> _PROBLEM_:
Text only, exactly as given: reproduce the entries below without their pictures.

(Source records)
-=-=-

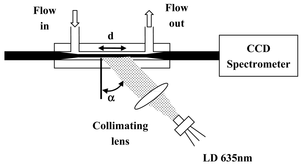 - Mignani, A.G.; Falciai, R.; Ciaccheri, L. Evanescent wave absorption spectroscopy by means of bi-tapered multimode optical fibers. Appl. Spectrosc. 1998, 52, 546–551. [Google Scholar]
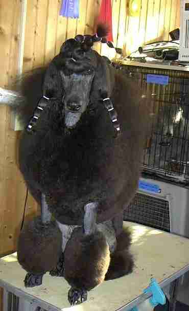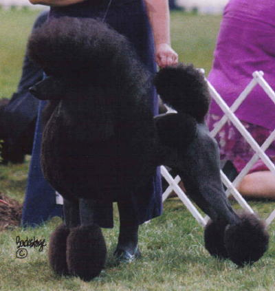 Major pointed as a puppy shown by Ann Rairigh. Finished with 3 majors, ranked in Top 20 Poodles first 6 months of 2003. Eyes CERF's 4/04; Thyroid Normal 8/04; OFA Good; SA Normal '04
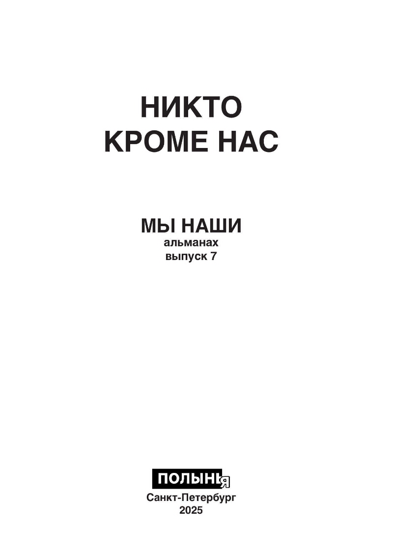 Мы наши : [литературно-художественный альманах] / гл. ред.: Юлия Карасева. - Санкт-Петербург : Полынья, 2024-. - (Книжные проекты альманаха "Полынья"[под ред. Юлии Карасевой])
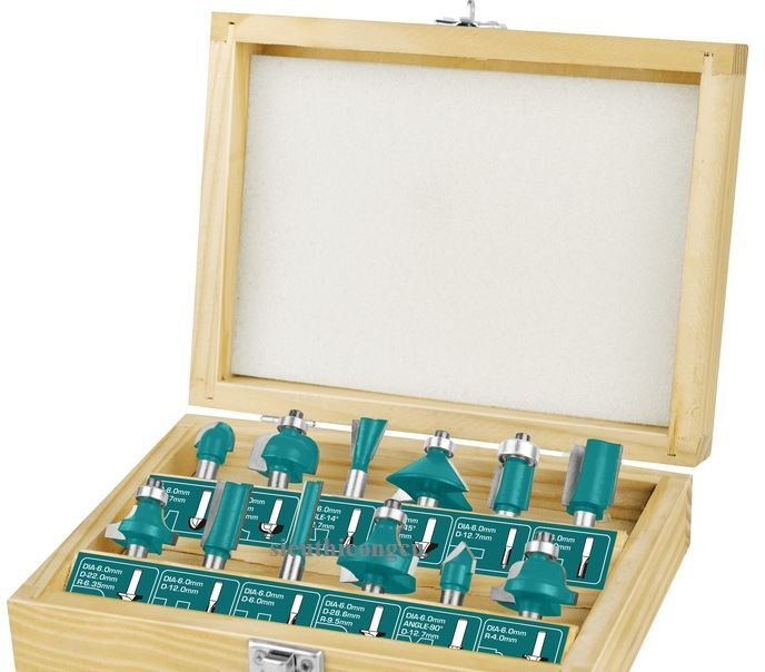 Đường kính mũi:12mm, Gồm 3 mũi thẳng 6mm, 12mm, 16mm, 1pcs 1/2" 90°V-groove bit, 1pcs 1/2" Dovetail bit 1pcs 32mm 45°Chamfer bit , 1pcs 1/2" flush trim bits; 2pcs Corner round bit:1/4",3/8", 1pcs 1/4" Core box bit; 1pcs 1/4" Core bit,1pcs R-4 Roman ogee bit - 20/T
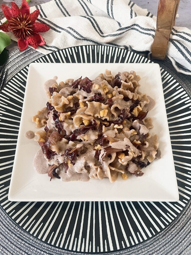 Die Pasta mit Radicchio, Walnüssen und Gorgonzola ist ein schmackhaftes und cremiges Hauptgericht mit einem Hauch von Knusprigkeit.
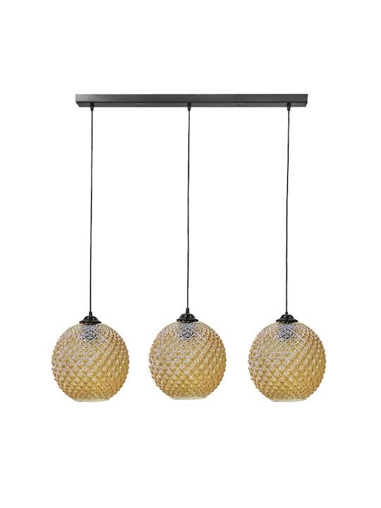 Κρεμαστό φωτιστικό 3φωτο μεταλλικό μαύρο, ράγα ,γυάλινα μελί 5010/3 RAGA BL-MELI
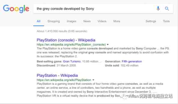 例如,假设我们搜索“the grey console developed by Sony”。谷歌会寻找包含术语“grey”、“console”、“developed”和“Sony”的页面。
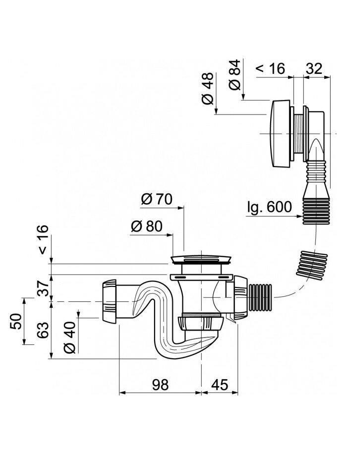 Слив-перелив для ванны Wirquin "SB600" полуавтомат 30717569 серый
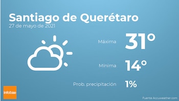 Para el día de hoy en Santiago de Querétaro tendremos nubes y claros. En relación a las temperaturas, estas oscilarán entre una máxima de 31 y una mínima de 14 grados centígrados. En general, vientos del noreste de poca intensidad con cifras de hasta 28 kilómetros por hora.
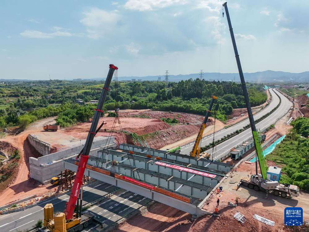 6月10日在四川省成都市金堂县境内拍摄的成南高速扩容工程成阿分离式立交桥钢箱梁架设施工现场(无人机照片)。

-=-=-

> _RESPONSE BELOW_:
 - Mignani, A.G.; Falciai, R.; Ciaccheri, L. Evanescent wave absorption spectroscopy by means of bi-tapered multimode optical fibers. Appl. Spectrosc. 1998, 52, 546–551. [Google Scholar]
 Major pointed as a puppy shown by Ann Rairigh. Finished with 3 majors, ranked in Top 20 Poodles first 6 months of 2003. Eyes CERF's 4/04; Thyroid Normal 8/04; OFA Good; SA Normal '04
 Мы наши : [литературно-художественный альманах] / гл. ред.: Юлия Карасева. - Санкт-Петербург : Полынья, 2024-. - (Книжные проекты альманаха "Полынья"[под ред. Юлии Карасевой])
 Đường kính mũi:12mm, Gồm 3 mũi thẳng 6mm, 12mm, 16mm, 1pcs 1/2" 90°V-groove bit, 1pcs 1/2" Dovetail bit 1pcs 32mm 45°Chamfer bit , 1pcs 1/2" flush trim bits; 2pcs Corner round bit:1/4",3/8", 1pcs 1/4" Core box bit; 1pcs 1/4" Core bit,1pcs R-4 Roman ogee bit - 20/T
 Die Pasta mit Radicchio, Walnüssen und Gorgonzola ist ein schmackhaftes und cremiges Hauptgericht mit einem Hauch von Knusprigkeit.
 Κρεμαστό φωτιστικό 3φωτο μεταλλικό μαύρο, ράγα ,γυάλινα μελί 5010/3 RAGA BL-MELI
 例如,假设我们搜索“the grey console developed by Sony”。谷歌会寻找包含术语“grey”、“console”、“developed”和“Sony”的页面。
 Слив-перелив для ванны Wirquin "SB600" полуавтомат 30717569 серый
 Para el día de hoy en Santiago de Querétaro tendremos nubes y claros. En relación a las temperaturas, estas oscilarán entre una máxima de 31 y una mínima de 14 grados centígrados. En general, vientos del noreste de poca intensidad con cifras de hasta 28 kilómetros por hora.
 6月10日在四川省成都市金堂县境内拍摄的成南高速扩容工程成阿分离式立交桥钢箱梁架设施工现场(无人机照片)。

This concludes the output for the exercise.